Andrew Nixon / CapRadio
The outreach and challenges with mobilizing first-time and younger voters. The ongoing efforts to preserve indigenous languages in California. A Dixon-based author discusses new book “Awaiting the Sun: WWII Veterans Remember the Aleutians.”
Voter outreach
It’s “Election Eve.” According to “Political Data Inc,” which tracks mail-in ballots, roughly a fifth of ballots have been turned in. About 20%, which makes up more than four million returned ballots. The largest voting block showing up so far are those 65 and older making up 41% of ballot returns – as of midnight. The age group at the bottom, those 18 to 34 just 7% of the electoral pie slice. Despite the single-digit percentile a day before the Midterm, there has been a push to fire up enthusiasm for the youngest generation of voters. CapRadio’s Srishti Prabha discusses the outreach and challenges of mobilizing first-time and younger voters leading up to the Nov.8 Midterm.

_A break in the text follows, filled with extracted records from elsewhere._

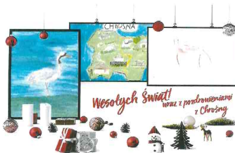
Fotografia nr 13.- Kartki świąteczne promujące wieś Chrośna

W grudniu 2019 r. podczas dwudniowych warsztatów diagnostyczno – rozwojowych, których głównym celem było przygotowanie diagnozy społeczno – ekonomicznej gminy, zebrane zostały informacje mające kluczowy wpływ na rozwój gminy oraz identyfikację działań rozwojowych. Powyższe informacje przygotowane przez samorządowców, przedstawicieli soleckich instytucji, organizacji i przedsiębiorców zostały wykorzystane przez do opracowania strategii rozwoju gminy, która obok gminnego programu opieki nad zabytkami oraz gminnego programu rewitalizacji stanowić będzie program wspierający działania soleckiego samorządu.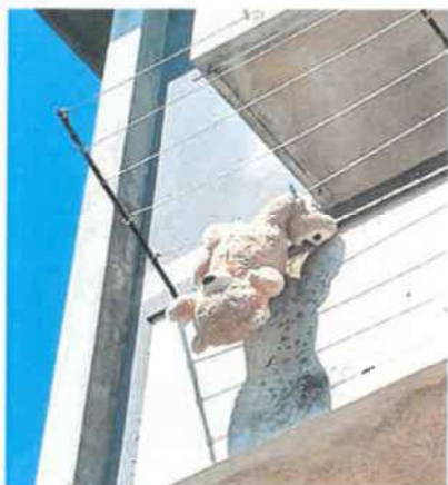
U Zoranićevoj na Verudi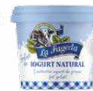
600670 logurt natural 1,28 €/unitat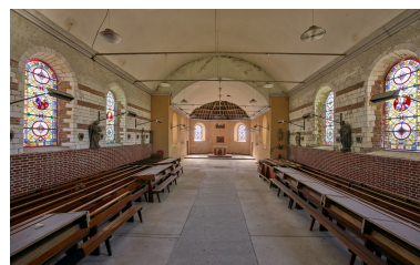
Intérieur, vue de la nef et du chœur, depuis l'entrée. IVR32_20258001040NUCA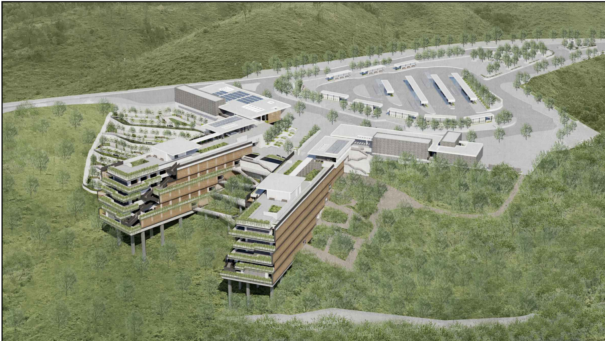
從西南面望向骨灰安置所的構思透視圖 PERSPECTIVE VIEW OF COLUMBARIUM FROM SOUTHWEST DIRECTION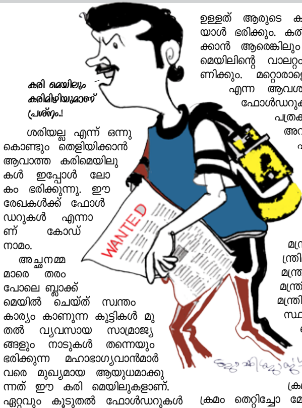
കരി മെയിലും കരിമഴിയുമായ് (പ്രശ്നം)

ചിത്രങ്ങളും ശബ്ദങ്ങളും കൃത്രിമമായി ഉണ്ടാക്കുന്ന വിദ്യ കൂടിയായപ്പോൾ കരിമെയിലിന്റെ സാധ്യതകൾ പിന്നെയും വർദ്ധിച്ചു. നിങ്ങൾ കണ്ടിട്ടേ ഇല്ലാത്ത ഒരാളെ കണ്ടു എന്നല്ല കെട്ടിപ്പിടിച്ചു ഉമ്മവരെ വെച്ചു എന്നു വരെ തെളിയിക്കാൻ വേണ്ട ചിത്രങ്ങൾ കൃത്രിമമായി ഉണ്ടാക്കാൻ പറ്റും!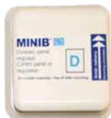
Termostat TH-0343 (reg. A)

Preserving indigenous language
November is “Native American Heritage Month,” first enacted in 1990 to pay tribute to the ancestry and culture of this nation’s indigenous people. One of the essential pillars of Native American culture is under threat of fading from existence: Their languages. According to Ethnologue, a resource on world languages, 98% of indigenous languages in the US are considered endangered. And a United Nations report suggests that California could lose all of its American Indian languages if serious efforts aren’t taken to preserve them. One of the groups behind that effort is the “Advocates for Indigenous California Language Survival.” An organization striving to restore and revive these languages so they may survive as an everlasting piece of indigenous culture in the state. Joining us is Carly Tex, the advocacy group’s executive director
Awaiting the Sun: WWII Veterans Remember the Aleutians
When thinking of WWII, the attack on Pearl Harbor and the theaters in Europe and the South Pacific may come to the top of mind. But an author based in Dixon devoted to research to telling a neglected story of WWII. Aleutian veterans deployed to the islands off the Alaskan mainland that were the only North American territory invaded and occupied during the war; many soldiers never returned home. Bill Paul is that author and a veteran himself. He joins us to discuss his new book “Awaiting the Sun: WWII Veterans Remember the Aleutians.”